Jan Goldstein, a friend and colleague of Dr. Novick’s at the University of Chicago, recalled that “very often historians of Jewish background would take the thesis as an attack on American Jews.”
“He was regarded by some as a self-hating Jew,” Dr. Goldstein said of Dr. Novick, “which he was definitely not.”
In 2000, The Economist cited Dr. Novick’s book as the “starting point” for a far more controversial one, “The Holocaust Industry: Reflections on the Exploitation of Jewish Suffering,” in which the author, Norman G. Finkelstein, contended that the Holocaust was being exploited for personal, political and economic reasons.

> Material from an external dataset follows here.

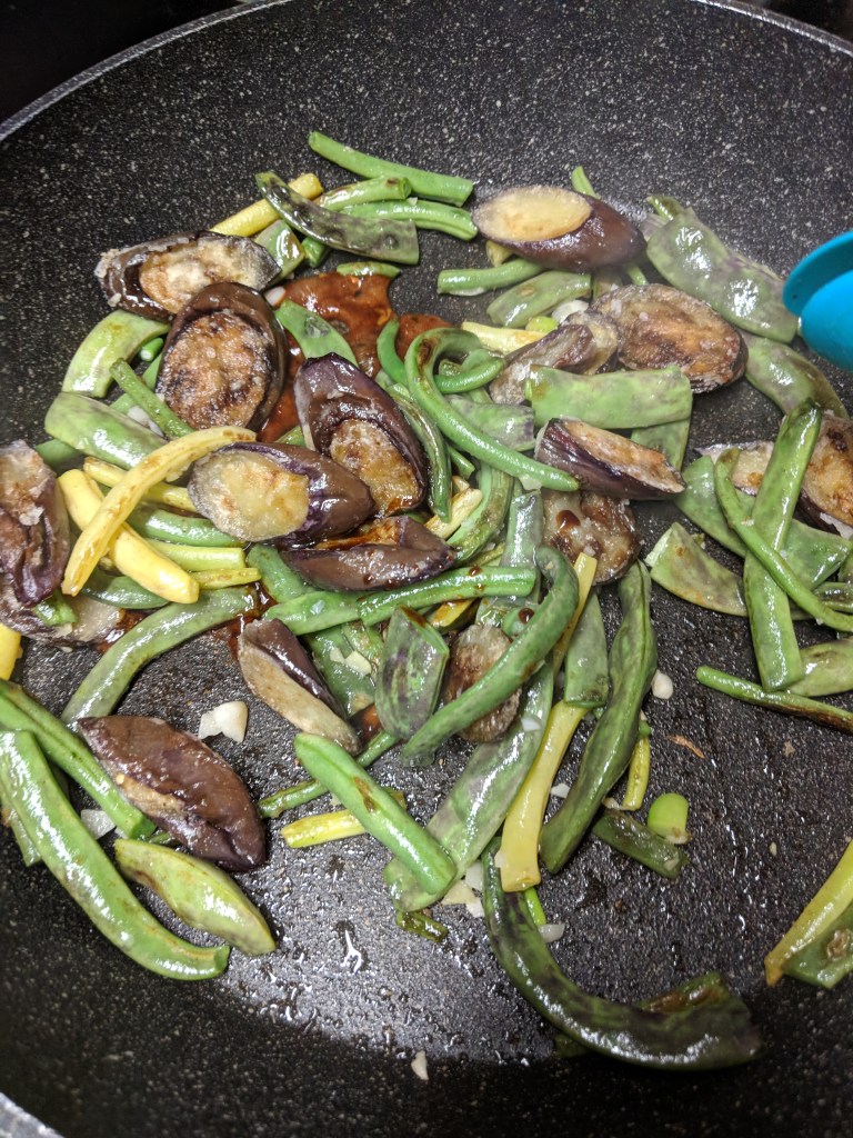 I also added some long green beans to this dish. Simply cut the beans in 2 inch long pieces.

Ms. Novick recalled the uproar over her husband’s book. “Some people hated the book,” she said. “People said: ‘This is a bad thing. You’re saying the Holocaust was not the most horrible thing in the world.’ ”
Still, she added, “Unbeliever that he was, Peter found strong supporters among many rabbis — liberals to Orthodox — who shared his concern that the Holocaust might replace religion as the central symbol of Jewishness.”
Peter Novick was born in Jersey City on July 26, 1934, to Michael and Esther Novick. His grandparents immigrated to the United States from Eastern Europe in the 1890s. After serving in the Army, Dr. Novick received his bachelor’s degree in 1957 and his doctorate in 1965, both from Columbia University. Besides his wife, he is survived by a son, Michael.
Dr. Novick joined the University of Chicago faculty in 1966 and retired in 1999. His specialty was historiography, the study of the techniques of historical research, and even here he challenged orthodoxies.
In his 1988 book, “That Noble Dream: The ‘Objectivity Question’ and the American Historical Profession,” he questioned the idea of objectivity itself in historical research. Tracing its development, he wrote that history was long considered a kind of literary genre until the late 19th century, infused with an author’s point of view. That changed when the prevailing ideal became fact-based documentation without preconception. Dr. Novick was again skeptical, believing that the “myth of objectivity breaks down,” as Dr. Goldstein put it — “that there is no such thing as a fact in isolation from a preconceived theory or narrative.”
Of the criticism of his Holocaust book, Dr. Novick told the Chicago Tribune in 1999: “I knew I’d get some static and controversy on this,” adding that the reaction was “divided between those who say, ‘Right on!’ and those who are scandalized and outraged.”
“They don’t just pay me here for the teaching I do,” he said. “I produce scholarship.”